--- TASK DETAILS ---
When you copy from the entries that follow, take only the lines from the one with "En ese primer" down to the one with "Bantyk Bunny Ears White Bow Easter Hair Clip", keeping both ends and dropping every picture.

--- MATERIAL TO PROCESS ---
• • •
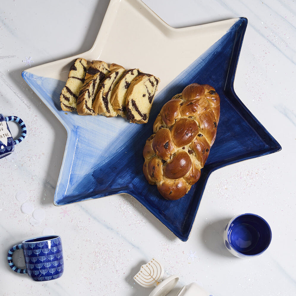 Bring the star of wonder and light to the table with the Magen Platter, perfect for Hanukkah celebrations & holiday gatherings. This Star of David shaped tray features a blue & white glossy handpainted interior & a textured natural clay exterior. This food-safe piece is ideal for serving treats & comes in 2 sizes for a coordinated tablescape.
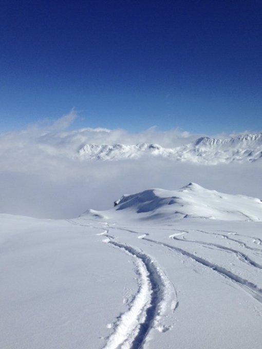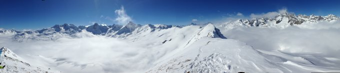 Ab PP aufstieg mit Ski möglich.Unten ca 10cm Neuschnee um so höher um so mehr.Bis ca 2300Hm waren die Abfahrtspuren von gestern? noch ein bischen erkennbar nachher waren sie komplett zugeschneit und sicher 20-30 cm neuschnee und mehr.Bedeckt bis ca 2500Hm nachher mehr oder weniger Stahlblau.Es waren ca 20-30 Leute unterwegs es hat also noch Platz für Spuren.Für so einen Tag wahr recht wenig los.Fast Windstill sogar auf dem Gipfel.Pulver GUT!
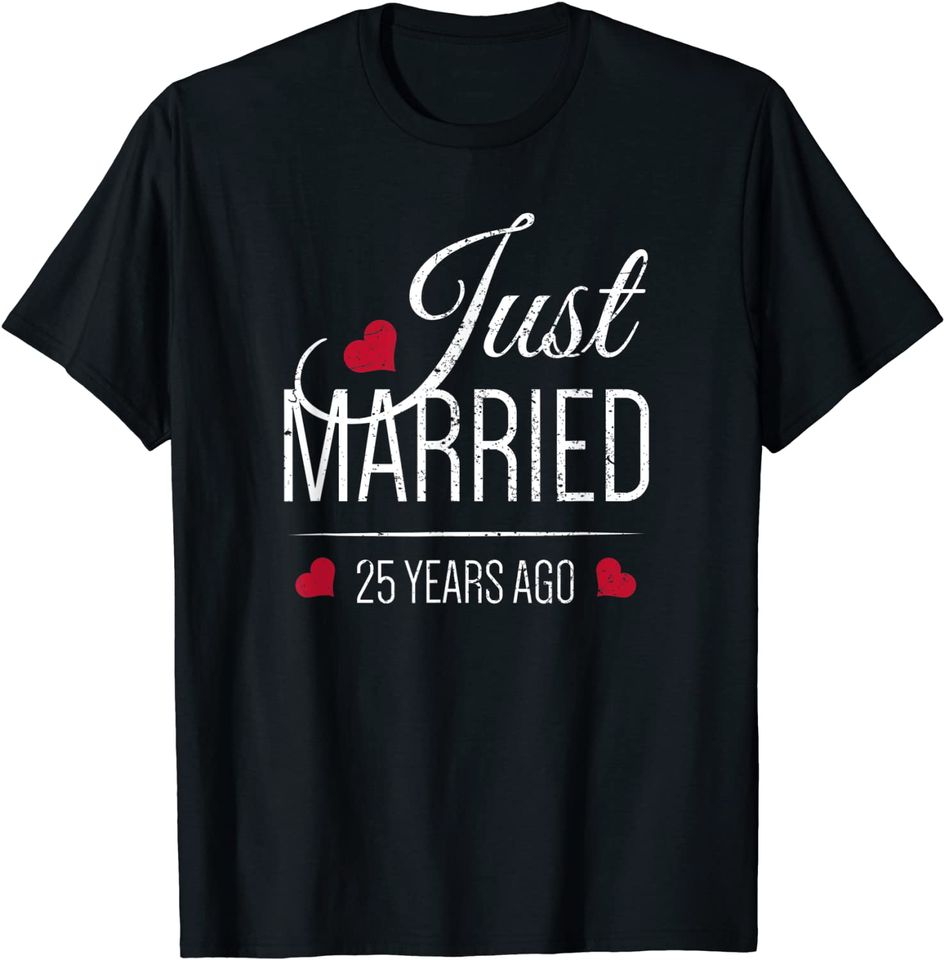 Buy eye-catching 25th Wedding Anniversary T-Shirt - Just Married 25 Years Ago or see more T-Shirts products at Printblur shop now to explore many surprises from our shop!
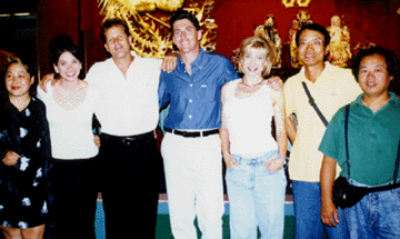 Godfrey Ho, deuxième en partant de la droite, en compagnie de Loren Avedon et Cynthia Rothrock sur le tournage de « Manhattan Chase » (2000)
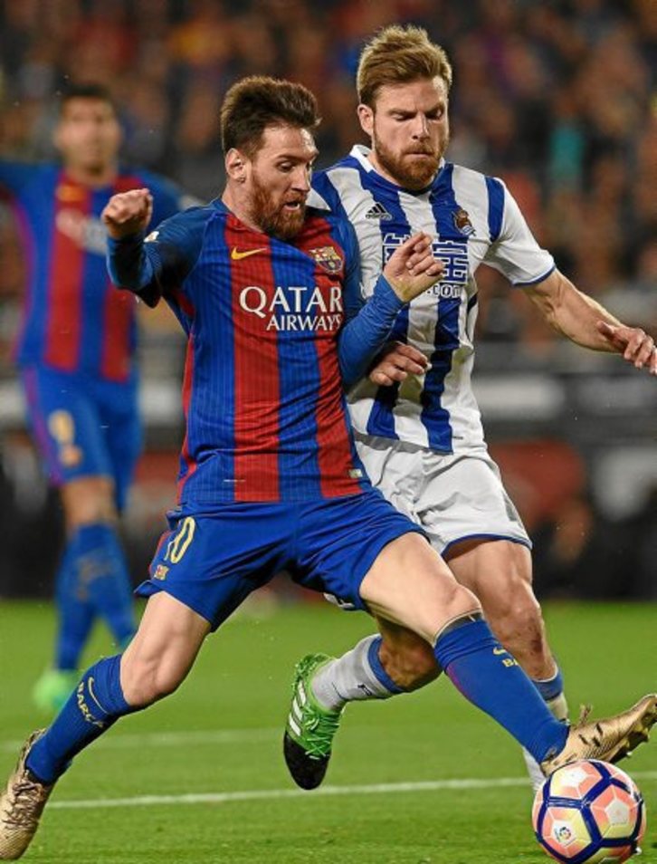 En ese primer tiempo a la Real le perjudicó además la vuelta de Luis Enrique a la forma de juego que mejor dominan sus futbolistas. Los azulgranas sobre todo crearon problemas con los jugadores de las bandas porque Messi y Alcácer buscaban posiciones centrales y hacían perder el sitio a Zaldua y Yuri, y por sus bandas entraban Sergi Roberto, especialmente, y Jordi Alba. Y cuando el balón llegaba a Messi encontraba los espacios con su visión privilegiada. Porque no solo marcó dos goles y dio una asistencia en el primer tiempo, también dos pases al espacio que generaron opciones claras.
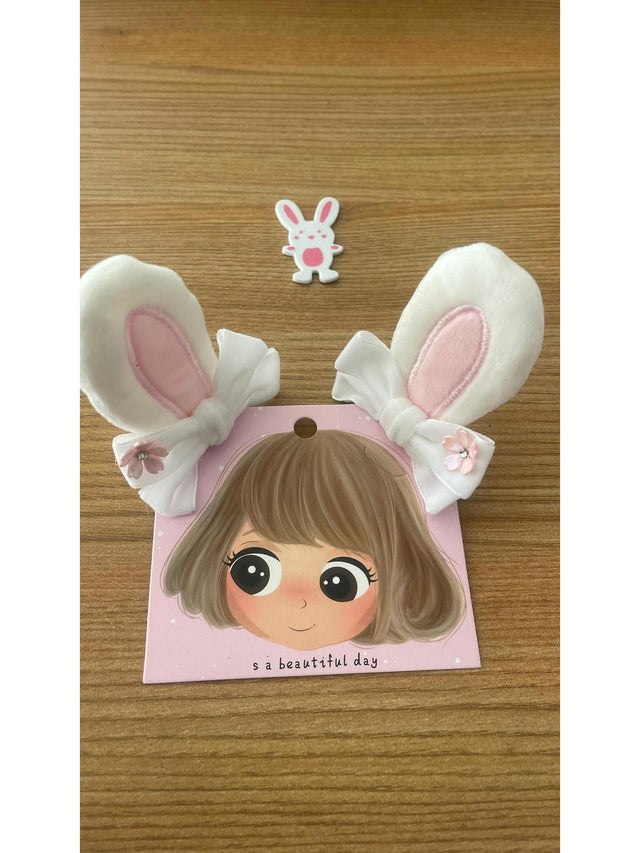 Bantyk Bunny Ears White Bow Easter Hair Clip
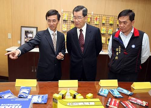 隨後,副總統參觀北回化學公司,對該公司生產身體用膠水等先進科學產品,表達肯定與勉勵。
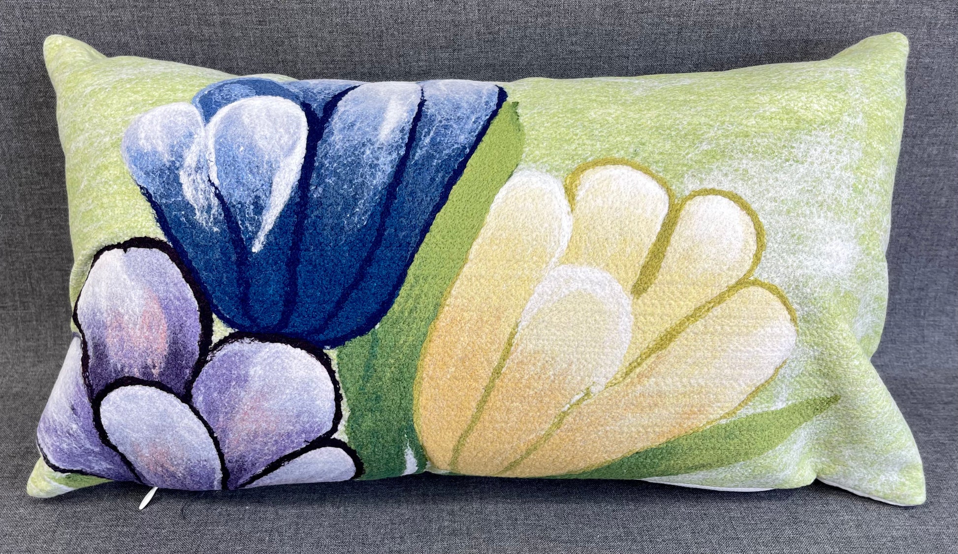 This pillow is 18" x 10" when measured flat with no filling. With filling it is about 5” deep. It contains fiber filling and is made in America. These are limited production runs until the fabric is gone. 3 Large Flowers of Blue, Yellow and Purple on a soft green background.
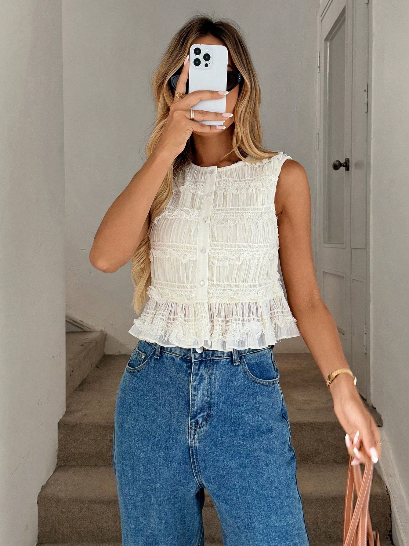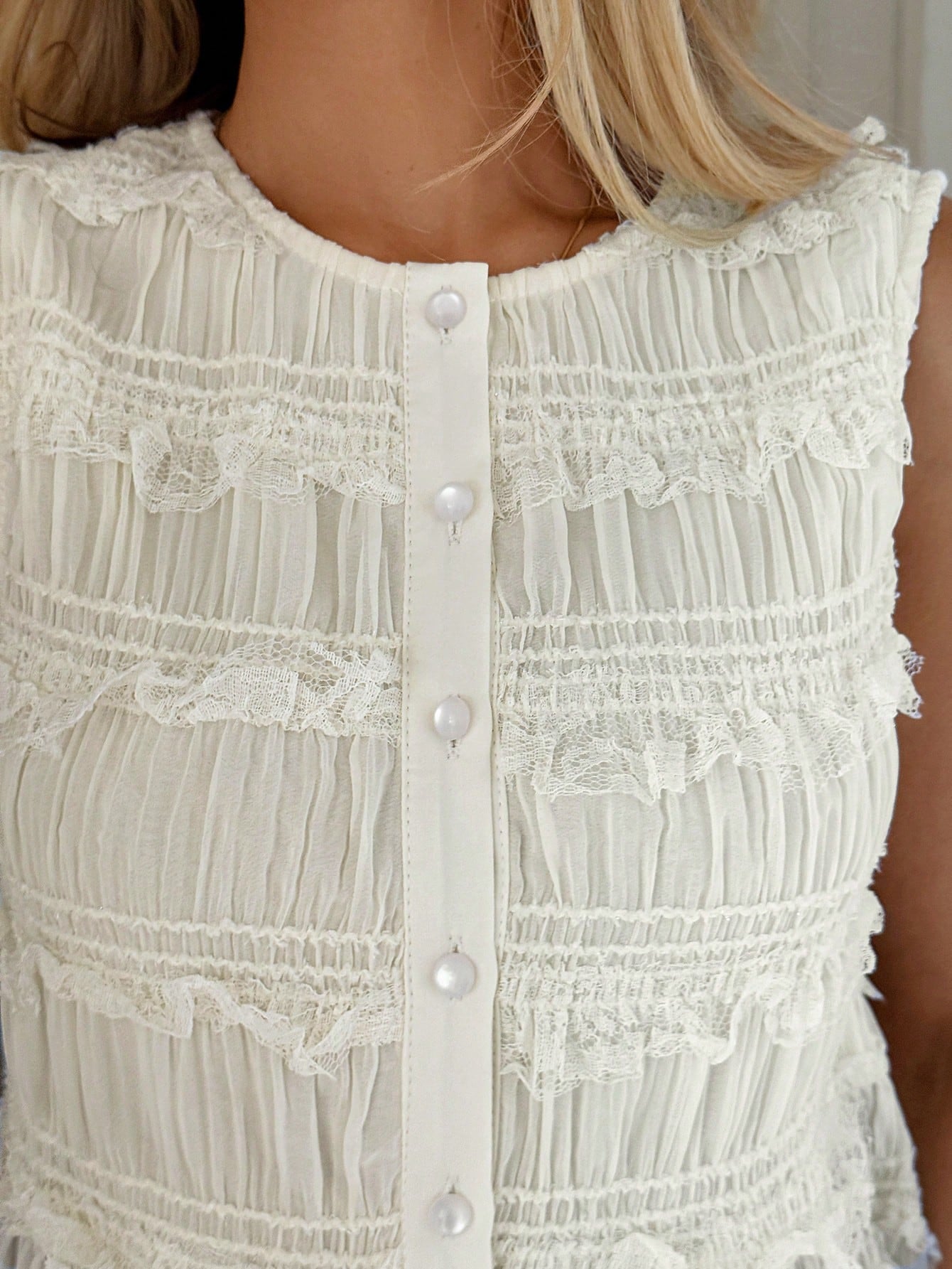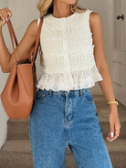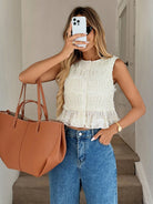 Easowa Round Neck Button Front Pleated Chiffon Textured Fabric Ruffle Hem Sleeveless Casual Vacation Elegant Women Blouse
• • •
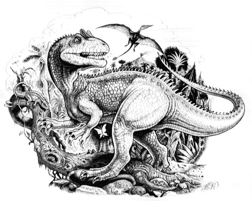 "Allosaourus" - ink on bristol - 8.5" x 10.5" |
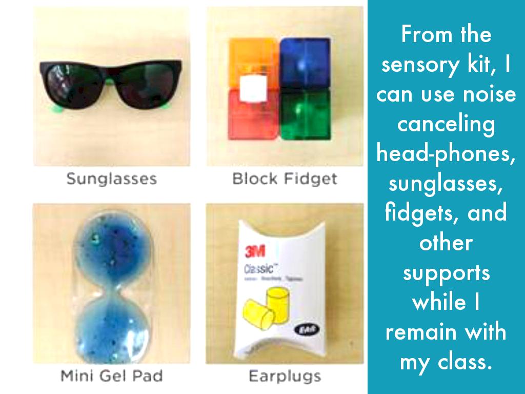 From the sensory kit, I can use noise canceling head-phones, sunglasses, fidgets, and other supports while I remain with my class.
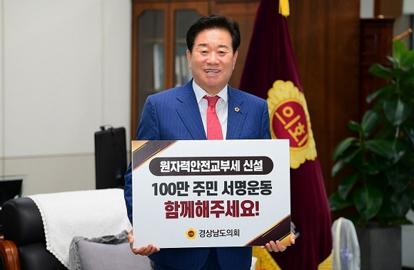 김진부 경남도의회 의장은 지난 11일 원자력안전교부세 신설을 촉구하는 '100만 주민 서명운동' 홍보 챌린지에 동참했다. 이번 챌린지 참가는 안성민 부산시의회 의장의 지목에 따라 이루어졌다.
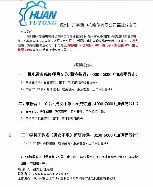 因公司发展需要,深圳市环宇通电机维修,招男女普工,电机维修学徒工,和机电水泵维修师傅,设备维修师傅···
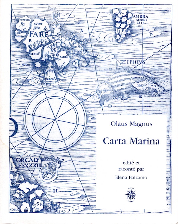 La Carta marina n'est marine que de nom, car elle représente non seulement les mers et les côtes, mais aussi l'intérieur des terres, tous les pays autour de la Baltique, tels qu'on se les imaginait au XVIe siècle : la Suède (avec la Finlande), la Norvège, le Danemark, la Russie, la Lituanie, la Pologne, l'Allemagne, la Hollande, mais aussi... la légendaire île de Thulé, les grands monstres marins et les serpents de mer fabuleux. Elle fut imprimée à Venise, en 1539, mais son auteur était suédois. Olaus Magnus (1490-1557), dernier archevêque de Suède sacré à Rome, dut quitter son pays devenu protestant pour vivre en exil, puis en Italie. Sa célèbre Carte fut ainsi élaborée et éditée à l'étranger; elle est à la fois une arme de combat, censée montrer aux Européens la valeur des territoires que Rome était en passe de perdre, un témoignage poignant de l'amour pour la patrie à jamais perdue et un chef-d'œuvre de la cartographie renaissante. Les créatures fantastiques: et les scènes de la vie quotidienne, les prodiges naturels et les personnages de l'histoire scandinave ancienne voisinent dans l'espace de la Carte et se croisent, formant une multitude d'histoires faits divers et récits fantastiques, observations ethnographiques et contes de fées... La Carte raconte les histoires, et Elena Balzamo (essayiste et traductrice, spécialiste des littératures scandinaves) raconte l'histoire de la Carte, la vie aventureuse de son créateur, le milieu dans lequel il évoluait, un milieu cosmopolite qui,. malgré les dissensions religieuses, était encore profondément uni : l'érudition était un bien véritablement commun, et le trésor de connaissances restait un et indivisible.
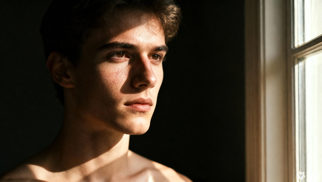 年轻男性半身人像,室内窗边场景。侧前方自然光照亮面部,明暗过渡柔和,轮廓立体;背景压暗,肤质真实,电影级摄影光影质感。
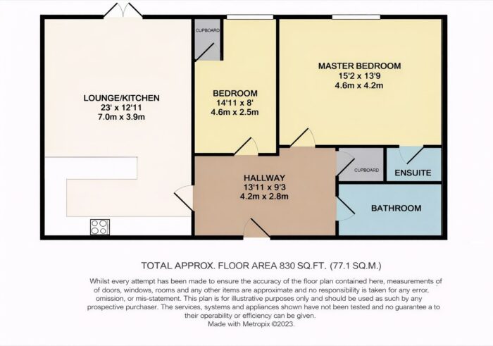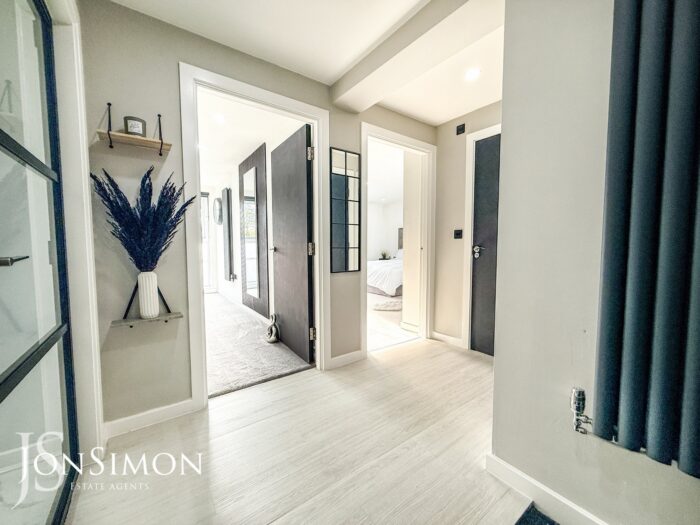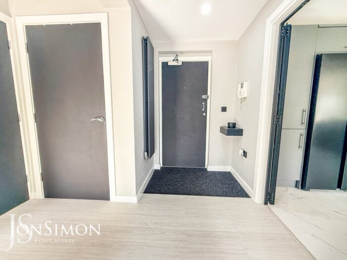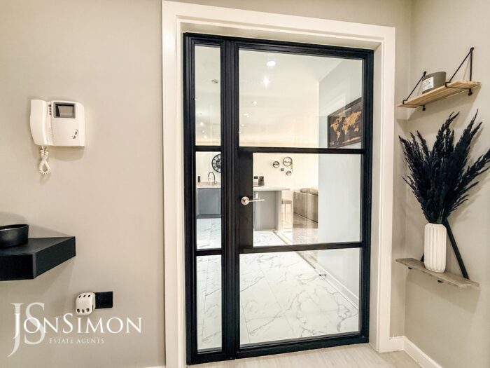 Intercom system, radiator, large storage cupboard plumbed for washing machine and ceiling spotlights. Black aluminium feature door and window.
• • •
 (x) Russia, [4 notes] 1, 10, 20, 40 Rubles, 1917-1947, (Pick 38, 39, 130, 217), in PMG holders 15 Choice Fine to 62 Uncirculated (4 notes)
• • •
--- TASK ANSWER ---
 En ese primer tiempo a la Real le perjudicó además la vuelta de Luis Enrique a la forma de juego que mejor dominan sus futbolistas. Los azulgranas sobre todo crearon problemas con los jugadores de las bandas porque Messi y Alcácer buscaban posiciones centrales y hacían perder el sitio a Zaldua y Yuri, y por sus bandas entraban Sergi Roberto, especialmente, y Jordi Alba. Y cuando el balón llegaba a Messi encontraba los espacios con su visión privilegiada. Porque no solo marcó dos goles y dio una asistencia en el primer tiempo, también dos pases al espacio que generaron opciones claras.
 Bantyk Bunny Ears White Bow Easter Hair Clip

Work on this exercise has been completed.